Gastric cancer is a worldwide disease with high incidence rate and mortality rate, especially in East Asia (Villanueva, 2011). According to the data from GLOBOCAN in 2018, there were 1,033,701 new cases of and 782,685 deaths from gastric cancer in the world (Bray et al., 2018). At present, the early diagnosis of gastric cancer is limited; patients are usually diagnosed in advanced stage. Therefore, early diagnosis is the key to improve the prognosis of patients, which is also the goal pursued by many researchers (Jin et al., 2015). Biomarkers refer to the substances that can reflect the physiological, biochemical, immune, genetic, and other molecular changes in the organism (Szász et al., 2016; Liang et al., 2019; Cheng et al., 2021). The levels of biomarkers in patients’ samples (such as blood, plasma, saliva, and urine) can reflect the health or disease status of patients, as well as the response to anticancer treatment.
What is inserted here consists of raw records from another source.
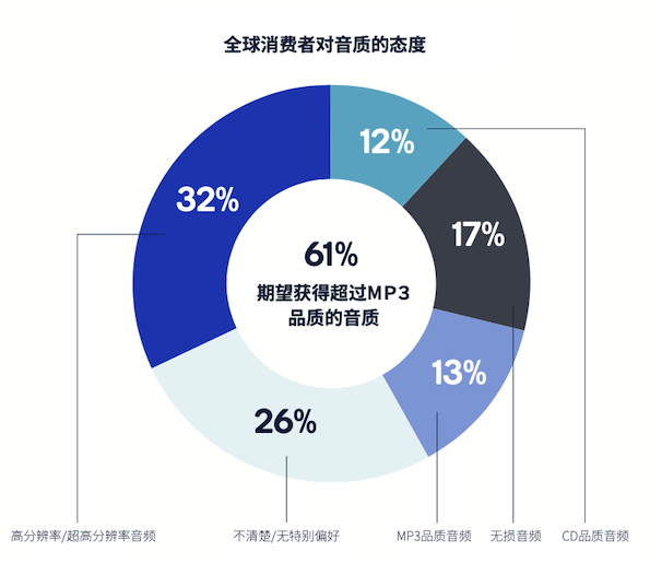 音频的人数超过以往,三分之二的受访者希望享受到超过 MP3 品质的音质。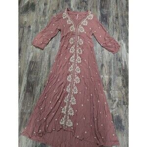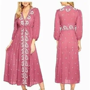 Free People Embroidered Fable Midi Dress Raspberry Pink Mauve Festival Sz Small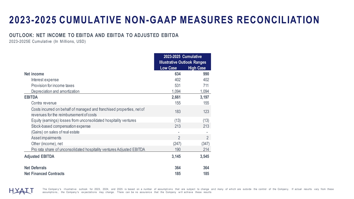 2023-2025 CUMULATIVE NON-GAAP MEASURES RECONCILIATION OUTLOOK: NET INCOME TO EBITDA AND EBITDA TO ADJUSTED EBITDA 2023-2025E Cumulative (In M illions, USD) 2023-2025 Cumulative Illustrative Outlook Ranges Low Case High Case Net income 634 990 Interest expense 402 402 Provision for income taxes 531 711 Depreciation and amortization 1,094 1,094 EBITDA 2,661 3,197 Contra revenue 155 155 Costs incurred on behalf of managed and franchised properties, net of 183 123 revenues for the reimbursement of costs Equity (earnings) losses from unconsolidated hospitality ventures (13) (13) Stock-based compensation expense 213 213 (Gains) on sales of real estate - - Asset impairments 2 2 Other (income), net (247) (347) Pro rata share of unconsolidated hospitality ventures Adjusted EBITDA 190 214 Adjusted EBITDA 3,145 3,545 Net Deferrals 364 364 Net Financed Contracts 185 185 T he Compan y 's i l l us trati v e outl ook for 2023, 2024, and 2025 i s bas ed on a number of as s umpti on s that are s ubj ec t to c hange an d many of w hi c h are outs i de the c ontrol of the Compan y . If ac tual res ul ts v ary from thes e as s umpti o ns , the Company 's ex pec tati o ns may c hange. T here c an be no as s uranc e that the Company w i l l ac hi ev e thes e res ul ts 152

Due to the strong heterogeneity of gastric cancer, the use of proteomics technology to find new specific biomarkers will greatly improve the sensitivity and accuracy of the diagnosis of patients (Gullo et al., 2018).
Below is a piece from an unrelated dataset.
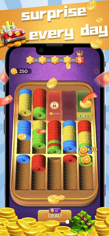 เหรียญหลายประเภท: จัดเรียงเหรียญประเภทต่างๆ เช่น ตามสี ขนาด และปริมาณ ซึ่งจะเพิ่มความซับซ้อนและความหลากหลายให้กับเกม

Although many researchers tend to reveal diseases pathogenic mechanism by genomics (Peng and Zhao, 2020; Zhao et al., 2020b; Zhou et al., 2020), changes in protein quality in diseases reflect the progression of the disease and are also the product of genes (Zhao et al., 2020c). Unlike those studies that research diseases through gene expression (Zhao et al., 2021b), protein quantification is more accurate and has the potential to become a biomarker. Researchers have used various protein separation techniques, such as two-dimensional gel electrophoresis (2-DE) (Gygi et al., 2000), two-dimensional fluorescence difference gel electrophoresis (2D-DIGE) (Tannu and Hemby, 2006), isobaric tags for relative and absolute quantitation (iTRAQ), hydrophilic interaction liquid chromatography (HILIC) screening of potential target proteins of new gastric cancer biomarkers, and then Western blotting and enzyme-linked immunosorbent assay or immunohistochemistry (IHC) methods are further validated, and biomarkers that play a key role in the occurrence of malignant tumors can be discovered.
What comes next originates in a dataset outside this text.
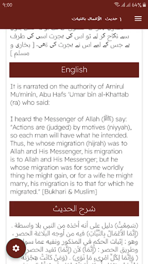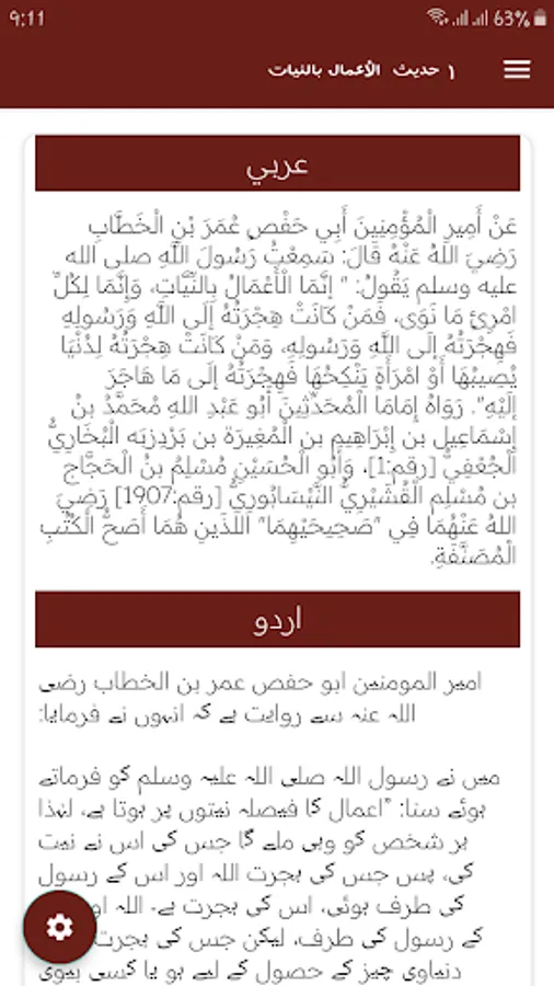 Urdu English and Arabic Hadees Arbein e nawawi.

Ryu et al. (2003) used the tumor proteomics technology of antibody microarrays to identify inflammatory protein markers of gastric cancer. They found that 14 proteins have different expressions between normal gastric mucosa and tumor gastric mucosa. The proteome can be regarded as the functional cell equivalent of the genome. Proteomics is useful in discovering biomarkers and improving the diagnostic efficiency of early gastric cancer and has obvious advantages. At present, the prognosis and treatment methods of gastric cancer are guided by genome. Surgical resection is still the most common strategy of gastric cancer, but due to the high risk of disease progression in stage II or III patients, it becomes important to increase adjuvant therapy. The strong heterogeneity of gastric cancer makes the therapeutic effect heterogeneous. Therefore, although the TNM system can help the prognosis of gastric cancer, many researchers tend to discover biomarkers to predict treatment outcomes more accurately (Pang et al., 2018). For example, Balluff et al. (2011) used matrix-assisted laser desorption/ionization (MALDI) imaging technology to analyze tissue samples and found that cysteine-rich intestinal protein 1 (CRIP1) and human neutrophil peptide-1 (HNP-1) were prognostic factors for gastric cancer. Human epidermal growth factor receptor 2 (HER2) is an important biomarker in gastric tumors, which can be specifically targeted for treatment with trastuzumab monoclonal antibody (mAb). For patients with advanced gastric cancer or gastroesophageal junction cancer, trastuzumab combined with chemotherapy can improve the survival rate of patients (Park et al., 2018).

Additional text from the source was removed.